The Huracán EVO's Amazon integration was a genuine first — and a test of how far a supercar maker should lean into cloud-connected convenience.
Lamborghini claimed a genuine first at CES 2020: no other automaker offered full in-car control of core vehicle functions through Amazon Alexa.
Forum discussion among Huracán EVO owners paints a mixed picture of the infotainment system's reliability, with multiple owners describing touchscreen bugs, connectivity glitches, and inconsistent responsiveness.
Partnering with Amazon's infrastructure rather than building a proprietary ecosystem from scratch was a pragmatic choice for a manufacturer with a relatively small engineering budget compared to volume producers.
Adopting Alexa gives Lamborghini access to Amazon's vast skill library and continuous cloud improvements, yet it also means the in-car experience partially depends on a third party's development priorities.
Adding a cloud-connected AI assistant to the cockpit does not diminish the V10's wail or the chassis dynamics, but it shifts the character of the cabin from pure instrument panel toward something closer to a connected living space.
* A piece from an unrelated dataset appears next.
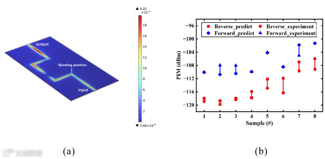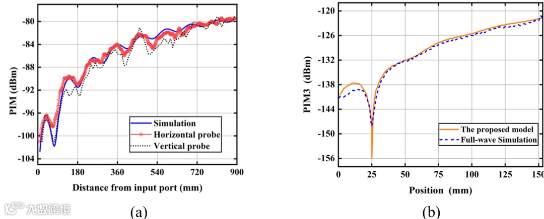 图2 (a) PIM近场分布测试验证 (b) COMSOL与数值模型求解的直微带线PIM分布
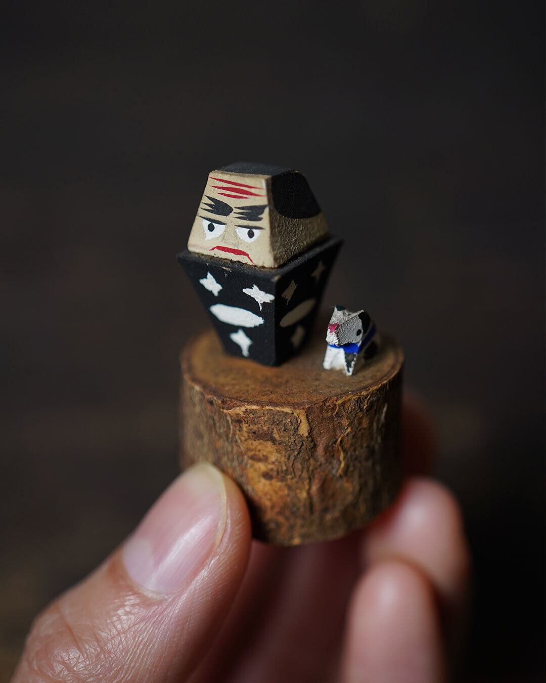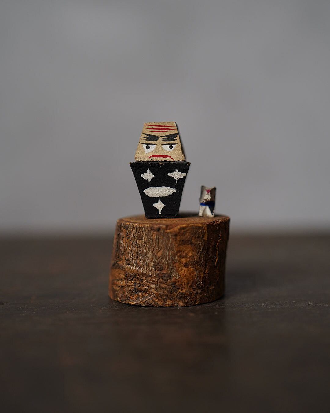 衣の黒地に配された文様、朱を差した表情、直線と面で構成された西郷どんの姿。写実を目的とせず、象徴として人物を捉えた造形には、民芸や郷土玩具に通じる素朴さと、現代的なデザイン性が同居しています。

The Temerario's digital ecosystem features a triple-display HMI architecture with a 12.3-inch instrument panel, an 8.4-inch central screen, and a 9.1-inch passenger display, all governed by a single processing unit.
Voice commands let drivers adjust climate control, interior lighting, and seat heating without lifting a hand from the wheel.
Carbon fiber trim and the red engine start button frame the screen, reinforcing the hierarchy that this is still a supercar cockpit first and a smart device second.
Unlike other automakers who integrated Alexa primarily for cloud-based services like music and weather, Lamborghini's approach extended the voice assistant into actual vehicle system control.
The Alexa feature's usefulness on a used Huracán EVO depends heavily on the underlying infotainment system's condition — if the touchscreen is glitchy, it becomes one more thing to troubleshoot.
The Huracán EVO's Alexa experiment looks like a learning exercise, a first attempt at answering how much digital connectivity belongs in a supercar cockpit — and the Temerario will need to answer it.